The first 300 pages are pretty much the same thing - Jessie Knadler complaining how the world hasn't stopped to make her happy. The dogs are the most enjoyable part of the book.
One star for the important message that people ought to find out who they are before resigning themselves to a life of being a sofa cushion and accepting the imprint of whomever has last sat on you.
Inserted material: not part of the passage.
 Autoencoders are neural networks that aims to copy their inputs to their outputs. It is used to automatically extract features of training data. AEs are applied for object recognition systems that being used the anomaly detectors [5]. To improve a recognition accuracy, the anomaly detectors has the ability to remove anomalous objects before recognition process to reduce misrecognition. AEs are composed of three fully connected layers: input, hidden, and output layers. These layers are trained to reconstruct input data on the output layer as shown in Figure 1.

I hope some of this book is fictional, because I don’t know why any man would coexist with anyone who whines this much about a life she chose! Although the beginning of the book was somewhat amusing, the second half was just plain annoying! Knadler clearly thinks she’s better than the “redneck” populace around her, and it’s just a little sad that she proclaims to be an atheist (I guess that makes her more chill than the believers), but then carries on her husband’s before dinner prayer tradition when he stops. Was this because she felt sorry that she was responsible for its end, or because there was a molecule of belief in her after all? I also can’t get past the two places where she wrote “Jake and I” and “he and I” where they should have been written in the objective case! Better editing needed!
I'm almost finished reading this and I'm glad I stuck with it, because it does get better -- which is why I amended my two star rating to a three star rating.
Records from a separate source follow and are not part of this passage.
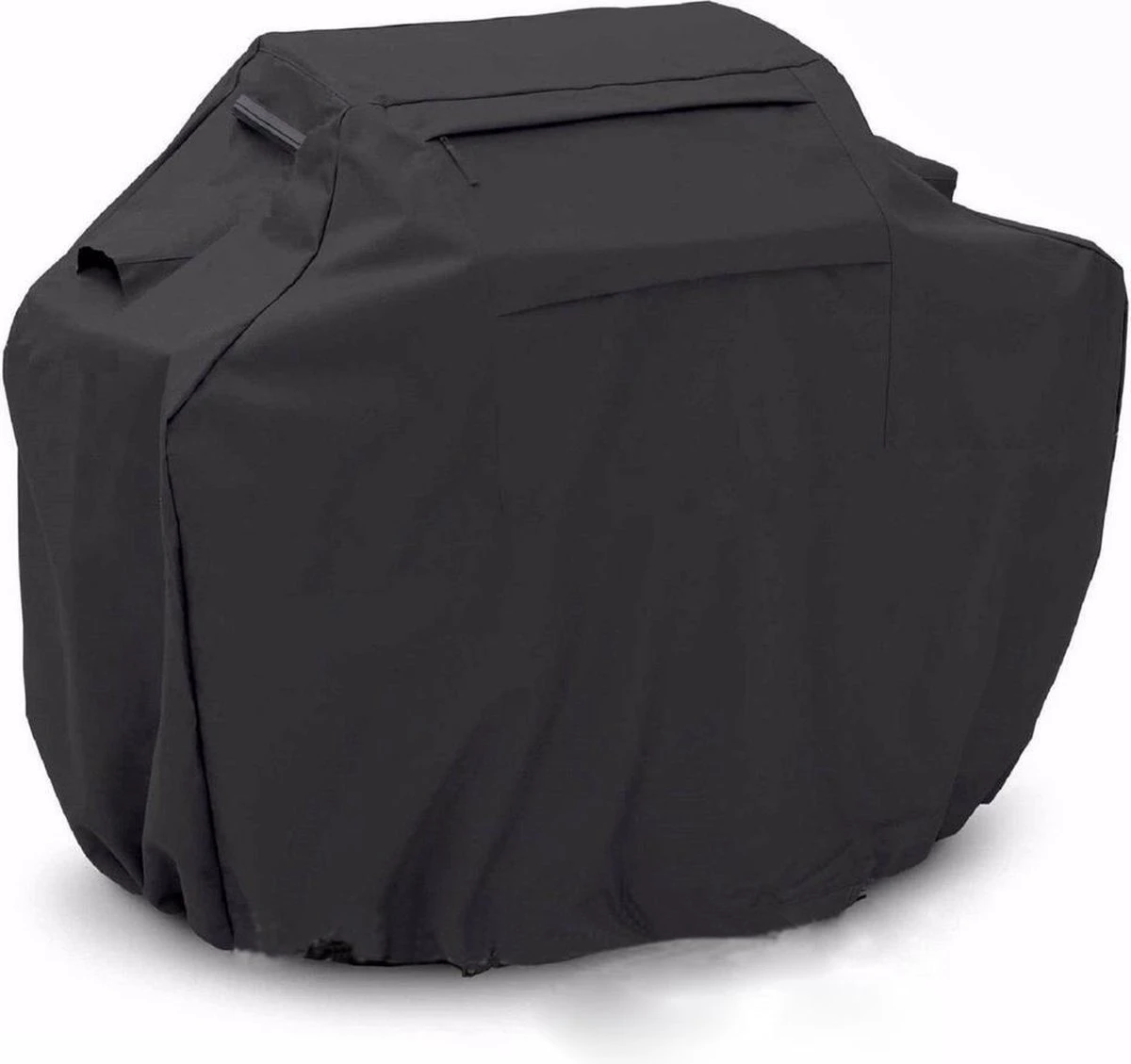 La housse est en matériau PU imperméable et convient à toutes les conditions météorologiques. Au bas se trouvent des boucles en plastique que vous pouvez attacher aux pieds pour que le couvercle reste sur votre barbecue même par temps venteux. Il y a aussi une bande élastique en bas pour bien serrer le couvercle.
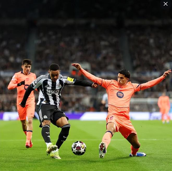 本場(chǎng)比賽的基調(diào),從賽前兩隊(duì)的傷病名單便已注定。紐卡方面,中場(chǎng)核心布魯諾·吉馬良斯腿筋傷缺,舍爾、利夫拉門托等主力后衛(wèi)集體缺席,防線被迫重組,主帥無奈將戰(zhàn)術(shù)從常規(guī)的4-3-3高壓逼搶,調(diào)整為5-4-1密集防守+快速反擊,依靠邊路突擊與定位球?qū)ふ覚C(jī)會(huì)。巴薩的孔德、巴爾德兩名主力邊衛(wèi)傷缺,坎塞洛被迫客串左后衛(wèi),傳控核心德容的缺席則讓球隊(duì)中場(chǎng)調(diào)度能力下滑,這也是客場(chǎng)爆冷的主因。
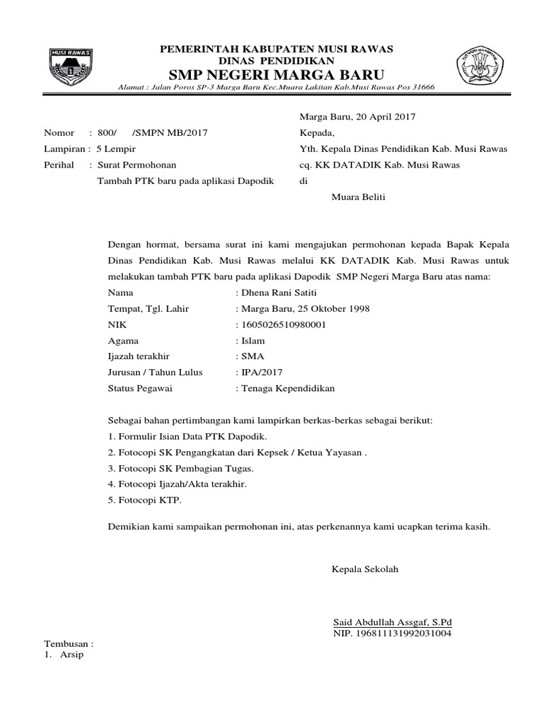 Contoh format surat permohonan penambahan ptk baru aplikasi dapodik arsip operator dapodik bagi bapakibu operator sekolah yang ingin melakukan penambahan ptk baru dalam aplikasi dapodik terbaru v2016 harus membuat surat permohonan usulan melalui kk datadik kabupatenkota. Semoga bermanfaat bagi kita semua. File format surat permohonan tambah ptk baru aplikasi dapodik pada link di atas yang bisa anda download ini disimpan di cloud storage google drive untuk menjamin keamanan file dari virus atau malware file otomastis melewati proses scan anti virus oleh sistem google drive. 2 responses to contoh surat permohonan penambahan ptk baru pada aplikasi dapodik sdn 010091 kisaran baru 20 februari 2017 1731 terima kasih sudah membagikan artikel ini sangat bermanfaat sekali. Download contoh format surat pengantar permohonan ptk baru di aplikasi dapodik 20162017 silahkan klik di sini. Surat permohonan tambah ptk baru pada dapodik 2018 aplikasi dapodik versi 2018 didukung banyak fitur berbeda dengan aplikasi versi sebelumnya.
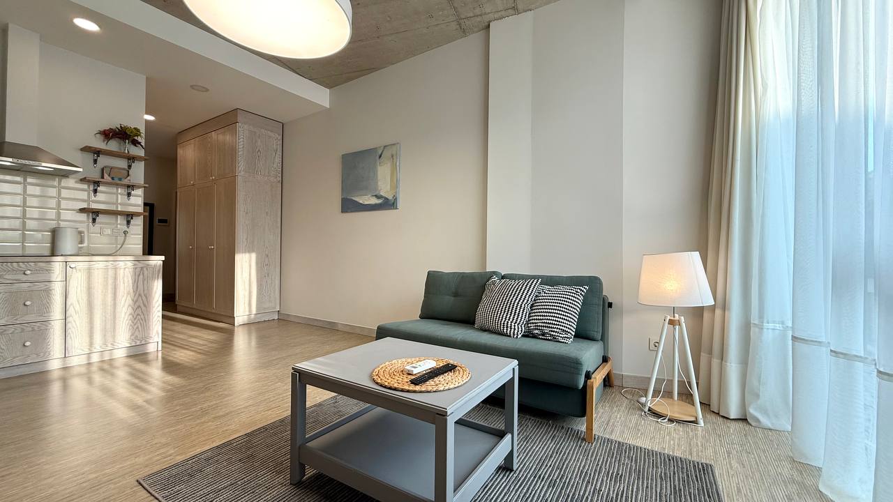 Svetainėje – valgomoji zona, patogi sofa ir atskirta miegamoji vieta
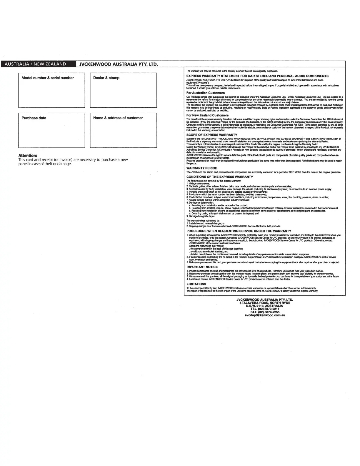JVCKENWOOD AUSTRALIA PTY.

I seriously disliked the author when I began this memoir. I found her cynical and lazy, and yet hyper-critical of others. But it gets better as she gets out of her fast-paced and superficial NY environment and marries her "cowboy." She shows a willingness to try new things and really dives in to a much different and more authentic lifestyle.
However; a few quibbles here. I find the whole premise of the memoir to be a little misleading. For one thing, he is not a cowboy. He's a sometime farm/ranch hand from Baltimore who is also an Army Reservist. For another, no one lives off the grid. My husband bought me this book because we've been reading a lot of back to the land memoirs lately and he thought I would enjoy it. And while the author does go country -- raising chickens, growing gardens and canning -- they are decidedly not off the grid. So I was a little bothered by the intentional misleading.
Also, someone else mentioned this in a review -- it's very strange that the author moves from taking a break and distance from one another after he returns from a deployment....to getting married in less than five months! With no explanation of what happened to provoke that turnabout.
Overall, I'm enjoying this book much more now that Jessie and her husband have moved to the country. She is a good writer, with equal parts humor and humility in this phase. It's just weird to me that that charm didn't come through in the first few chapters.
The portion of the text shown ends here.